Dr Lal Pathlabs' (Dr Lal) Q2FY21 performance was above estimate even in a challenging environment, aided by COVID-19 tests and speedy recovery to near pre-COVID level in base business. COVID-19 tests contributed ~17% to sales. Other revenues declined 2.1% YoY, vs estimated 12.9% decline. Overall, revenue grew 18.1%, EBITDA margin was down 30bps to 29.5% and adj PAT was up 6.0% to Rs853mn. The business has recovered to ~98% of pre-COVID levels and we expect healthy growth in coming months. We believe Dr Lal would benefit the most with multiple growth levers such as faster shift of unorganized business to organized players in current scenario, potential consolidation in industry via inorganic or partnership route and upside from COVID-19 related tests. Downgrade to ADD from Buy mainly due to recent ~25% rally in stock.

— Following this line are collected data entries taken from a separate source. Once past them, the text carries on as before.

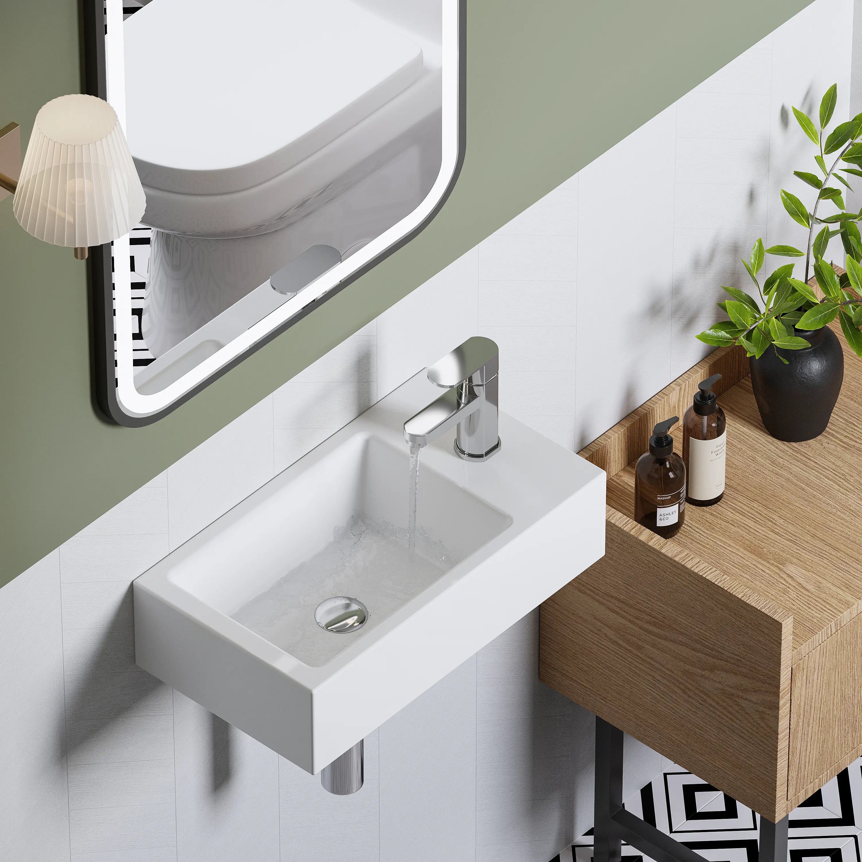 Perfect for small bathrooms, this sink is a space saver, offering functionality without compromising on style.
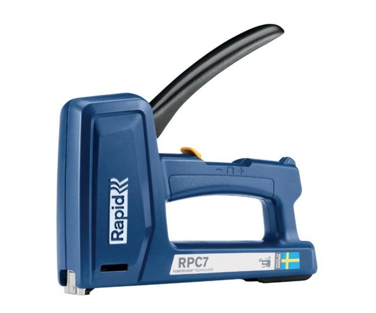 Weitere technische Eigenschaften · Klammerlänge/Typ bis: A/6-14 mm Typ 53, H/6-14 mm Typ 37, G/6-14 mm Typ 11, Kabelklammern 12–14mm Typ 7 und Typ 36, E/15 mm Typ J, Stifte 15 mm Typ 9 · Handtacker RPC7 · schlagfester ABS-Ku.RAPID · Für Feindrahtklammern Typ 53 und Typ 13 (6-14 mm), Flachdrahtklammern Typ 140 (6-14 mm), Kabelklammern Typ 7 und Typ 36 (12-14 mm), Nägel Typ 8 (15 mm) und Stifte Typ 9 (15 mm) ·
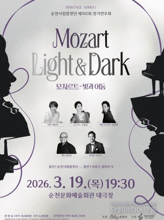 시민행정신문 강갑수 기자 | 순천시는 오는 19일 저녁 7시 30분, 순천문화예술회관 대극장에서 순천시립합창단 제102회 정기연주회 ‘모차르트의 빛과 어둠’을 개최한다고 밝혔다.
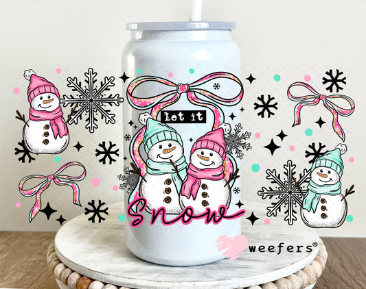 Let it Snow Pink and Blue Snowmen UV DTF Cup Wrap
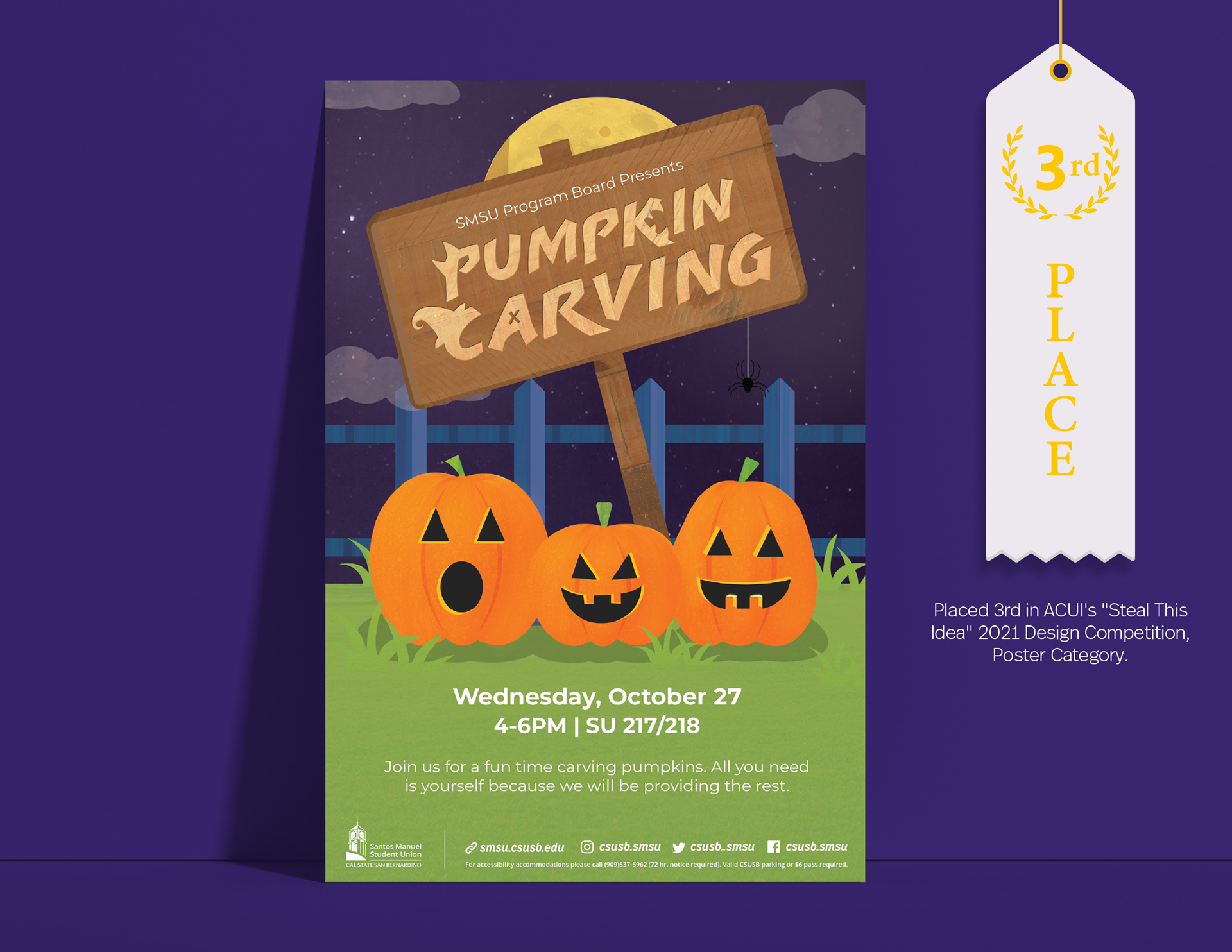 Seasonal pumpkin carving event organized by Program Board. Initial illustrations began in Adobe Illustrator and were further developed with texture overlays and blending modes in Adobe Photoshop.
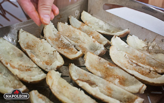 3. Alle Kartoffelschalen längs in Spalten schneiden, je nach Größe der Kartoffel ergibt ein 2-5 Stück. Beide Seiten der Kartoffelspalten mit Ihrem bevorzugtem Öl oder Butter bestreichen. Alles mit Memphis Rib Rub bestreuen.
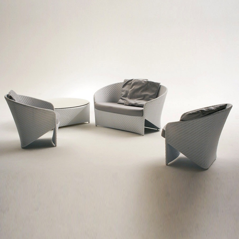 Sofa set from the Italian manufacturer Bonacina Pierantonio. Set includes double sofa, armchairs and coffee table. Furniture made of solid rattan. The seat filler - foam, upholstery - textiles from a range of campaigns. The design of complementary decorative pillows. Set in a contemporary style. Color products grey.
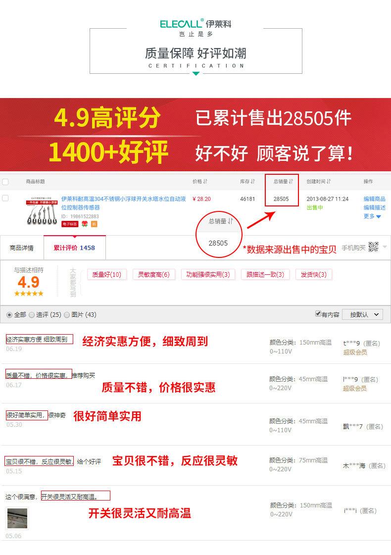 Compra Interruptor de flotador pequeño de acero inoxidable 304 resistente a altas temperaturas Eleco, sensor controlador de nivel de agua automático al por mayor en Joom.pro
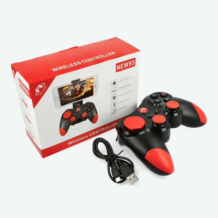Игровой джойстик NEWS5 - это контроллер нового поколения, который может работать как на ПК, так и на смартфонах, планшетах, TV Box, SMART TV. Особенность данного беспроводного джойстика S5 обусловлена тем, что девайс без проблем можно подключить посредством bluetooth соединения к большинству устройствам на платформах Android, iOS, Windows. С помощью USB адаптера можно подключать к ноутбуку или ПК. Геймпад Game S5 станет отличным приобретением или подарком как для геймера, так и для каждого любителя скоротать досуг за любимой игрой. Современный стильный и эргономичный дизайн, наличие встроенной Li-ion батареи, прорезиненные рукоятки и отсутствие надоедливого провода выгодно отличают данный девайс от конкурентов, а удобное классическое расположение кнопок позволяет вам играть в любые игры с большим комфортом. Отличный вариант для использования вместе с 3D очками виртуальной реальности.
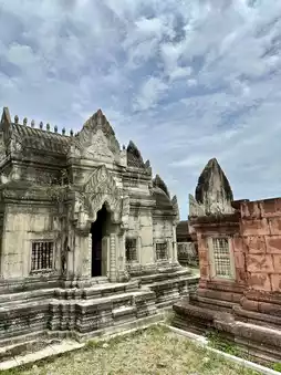 The sanctuary is meticulously designed in Khmer architectural style, featuring intricately carved lintels and laterite towers that echo the Hindu-Buddhist cosmology. Its layout, aligned with cardinal directions, symbolizes Mount Meru — the mythological center of the universe.
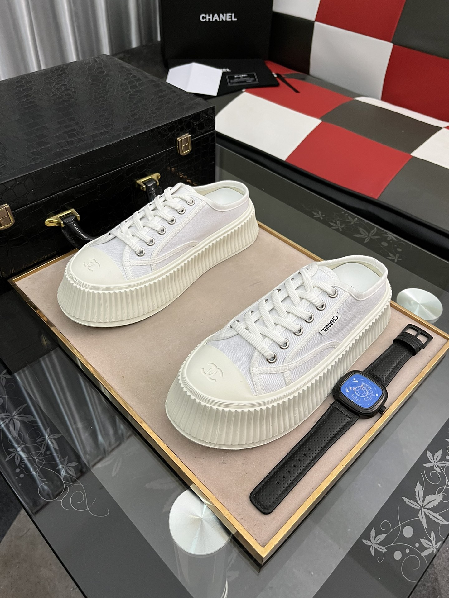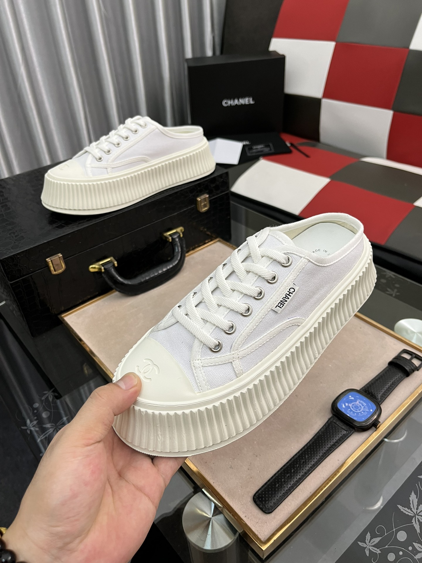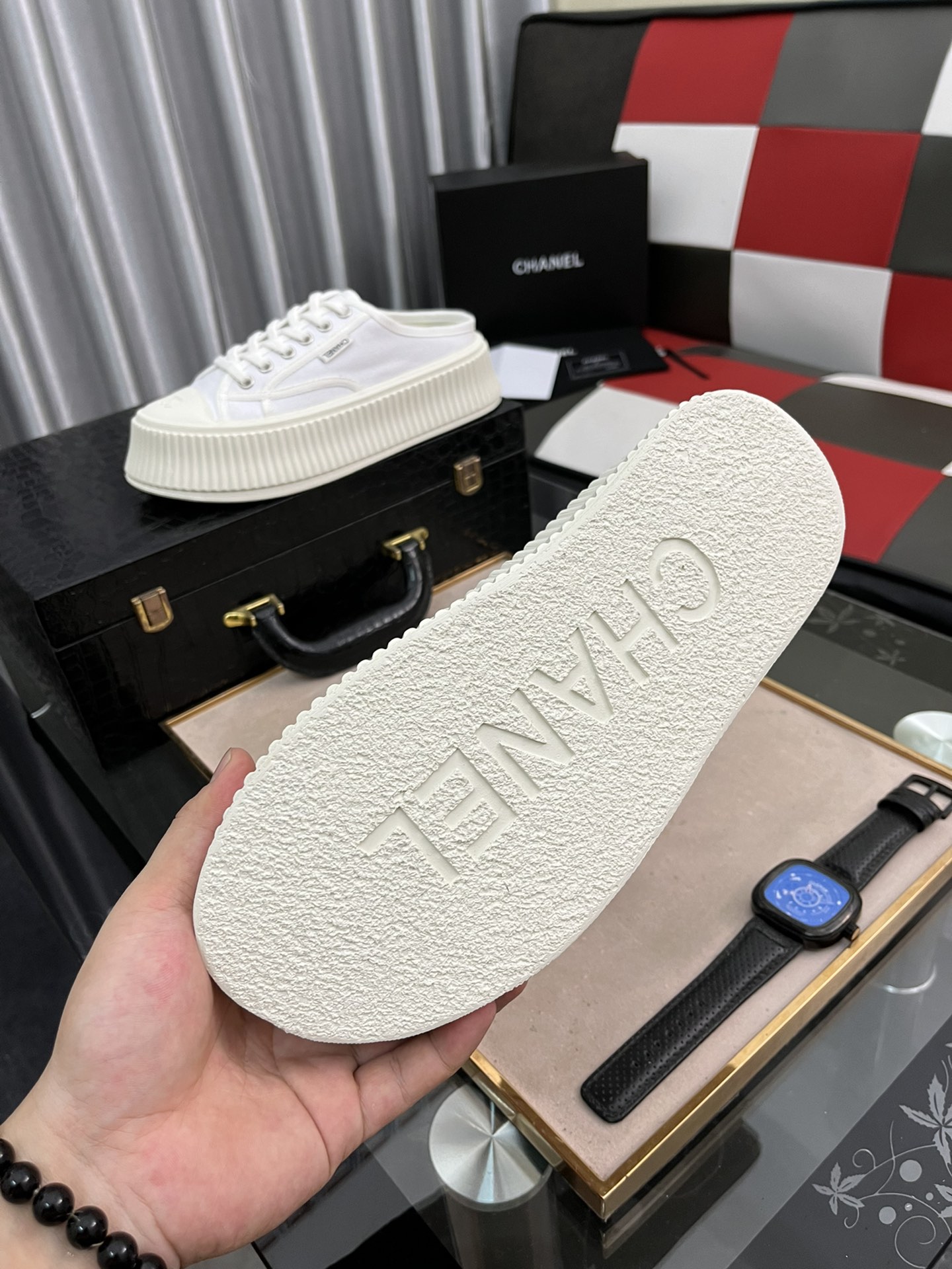 I0 女款顶级版小香C家香奈儿新厚底半拖饼干鞋目前超级流行的饼干鞋,网红明星小红书狂追热推 发售蠢萌可爱的造型带了点复古味 造型特殊,很有辨识度, 显瘦显腿长,绝对实力派,穿上也很舒服,高颜值 舒适,增高 一定要推荐给大家,今年系列的主打, 极简的风格,❶面料:原版订制帆布❷内里:水染牛皮 ❸垫脚:水染牛皮,脚感舒适,❹大底:原版开模高弹橡胶松糕大底❺底厚:5cm ❻包装:原版全套包装❼码数:35-40
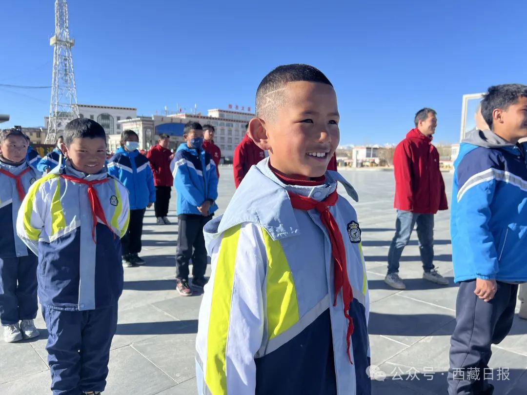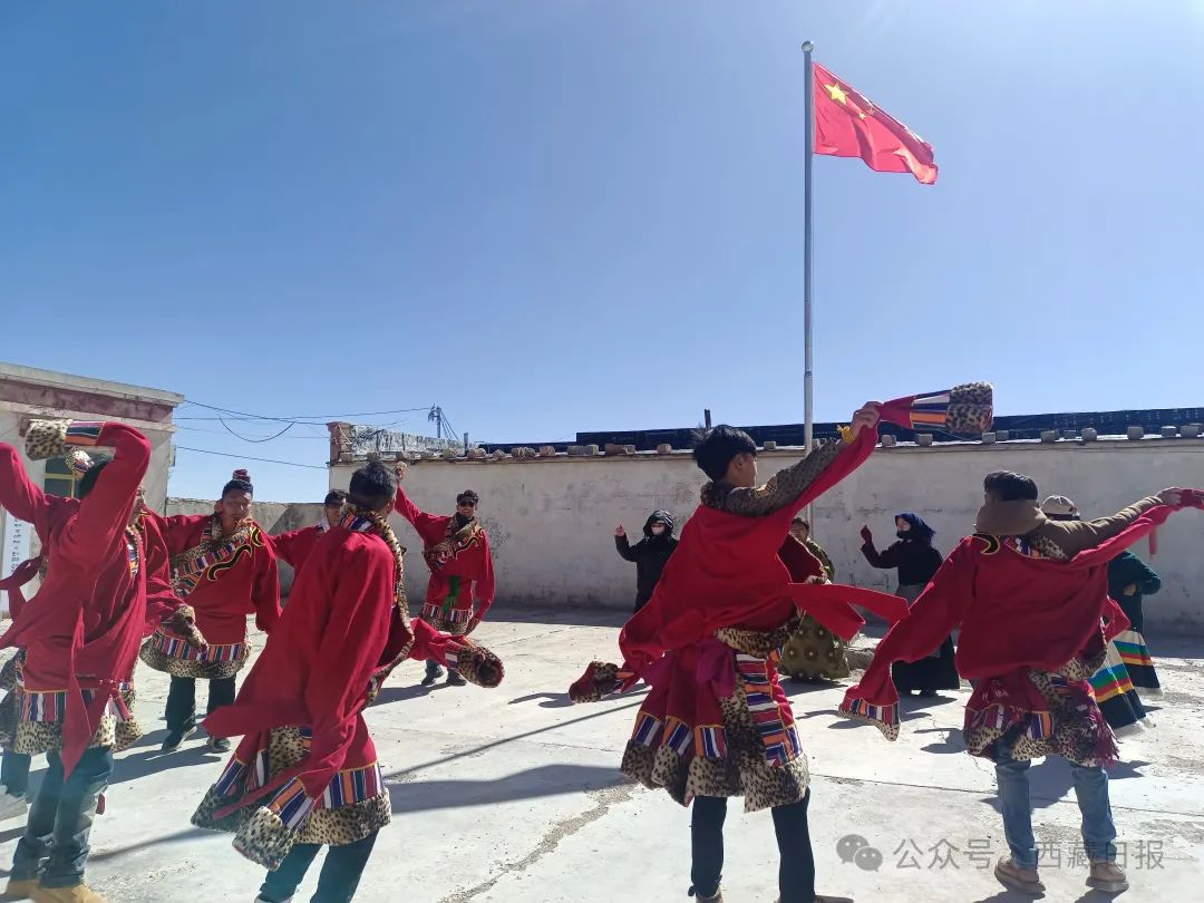 日喀則市薩迦縣麻布加鄉(xiāng)舉行“叫我們怎么不歌唱”紀念西藏民主改革65周年升國旗唱國歌儀式。
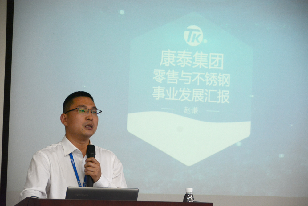 圖為會(huì)零售事業(yè)部總經(jīng)理兼不銹鋼事業(yè)部副總經(jīng)理趙謙作匯報(bào)
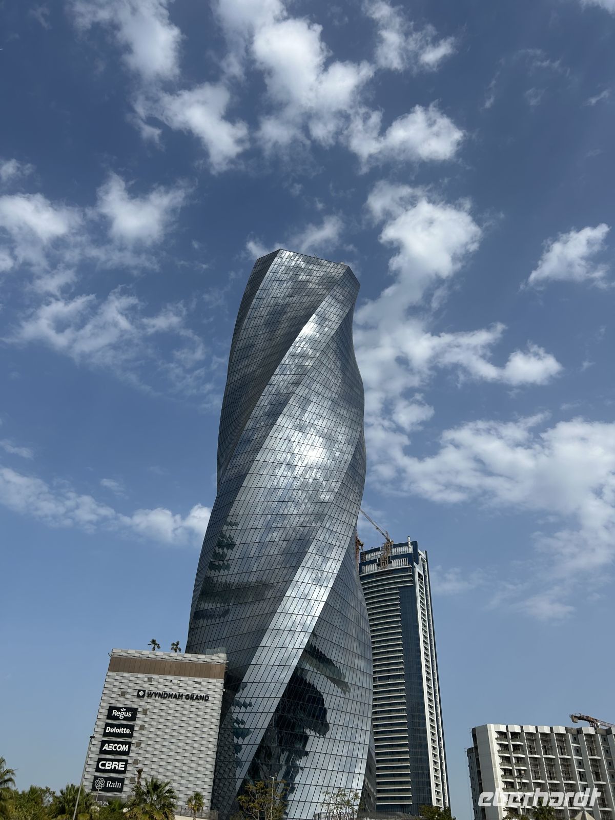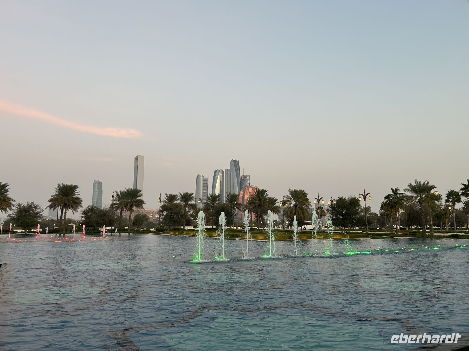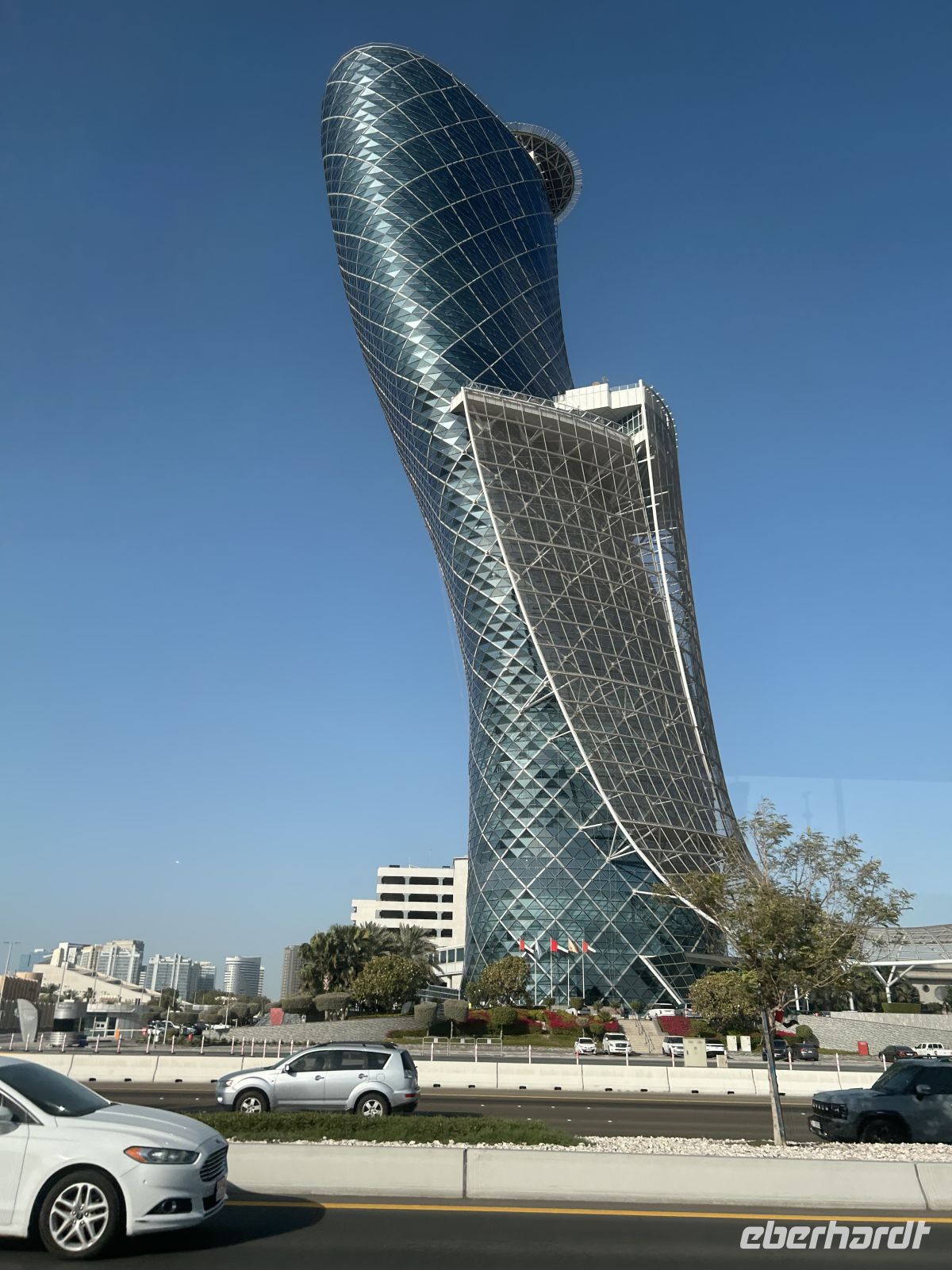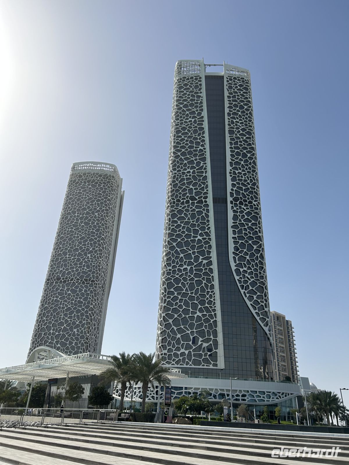 Nach dem Zimmerbezug geht es auf erste Entdeckungstour durch die Stadt in Richtung Etihad Towers. Unterwegs versorgt uns Ibrahim mit vielen wichtigen Informationen über die Vereinigten Arabischen Emirate und Abu Dhabi im Besonderen. Es wird gefragt, erklärt, diskutiert – ein idealer Einstieg, um dieses Land besser zu verstehen.

- Strong recovery in non-COVID business: Dr Lal witnessed speedy recovery in non-COVID revenue which inched to ~98% of Q2FY20 sales as compared to 70-85% for peers. COVID-19 tests helped in reporting 18.1% positive revenue growth and contributed ~17% to revenue and we expect it to drop in ensuing quarters as non-COVID revenue picks-up. The volumes (patients) in base (ex-COVID) business has recovered to ~98% in Q2FY21 and we estimate double digit growth Q3FY21 onwards. However, number of samples were flattish and realisation/patient increased 2.4%. We believe business would improve materially with easing of lockdown in coming quarters and estimate healthy growth in in H2FY21.

- Higher revenue and cost control supported margin: Dr Lal reported an EBITDA margin of 29.5% (-30bps YoY) against estimated 25%. Cost control initiatives, which started in Apr'20, included negotiating new rentals, reducing promotions etc. Revenue from COVID-19 related tests also helped in absorbing fixed costs. We expect EBITDA margin to improve 330bps over FY20-FY23E with pick-up in patient volumes, sustaining benefits of cost control and low base due to Q4FY20.

- Outlook: We expect Dr Lal to outperform industry growth and register revenue, EBITDA and PAT growth at CAGRs of 14.4%, 19.1% and 23.3%, respectively, over FY20-FY23E. RoE and RoCE would remain strong at 26.1% and 25.0%, respectively, in FY23E whereas RoIC would move to 131.3%. We are positive on the long-term outlook considering the company's strong brand franchise with sustainable growth, expansion potential, healthy FCFF generation and strong return ratios.

- Valuation: We raise FY21-23 EPS estimates by 3-10% to factor in higher revenue from COVID-19 tests in FY21E, faster recovery in volumes and better margin as seen in Q2FY21. However, considering recent rally in stock which has limited upside potential, we downgrade Dr Lal to ADD from Buy with a revised DCF-based target price of Rs2,430/share (earlier: Rs2,142/share) implying 50.8xFY23E EPS and 32.1xFY23E EV/EBITDA. Key downside risks: Higher-than-expected competition, pricing pressures and prolonged impact of COVID-19.

Shares of Dr. Lal PathLabs Ltd was last trading in BSE at Rs.2194.35 as compared to the previous close of Rs. 2174.25. The total number of shares traded during the day was 1040 in over 193 trades.

The stock hit an intraday high of Rs. 2370 and intraday low of 2182.1. The net turnover during the day was Rs. 2281245.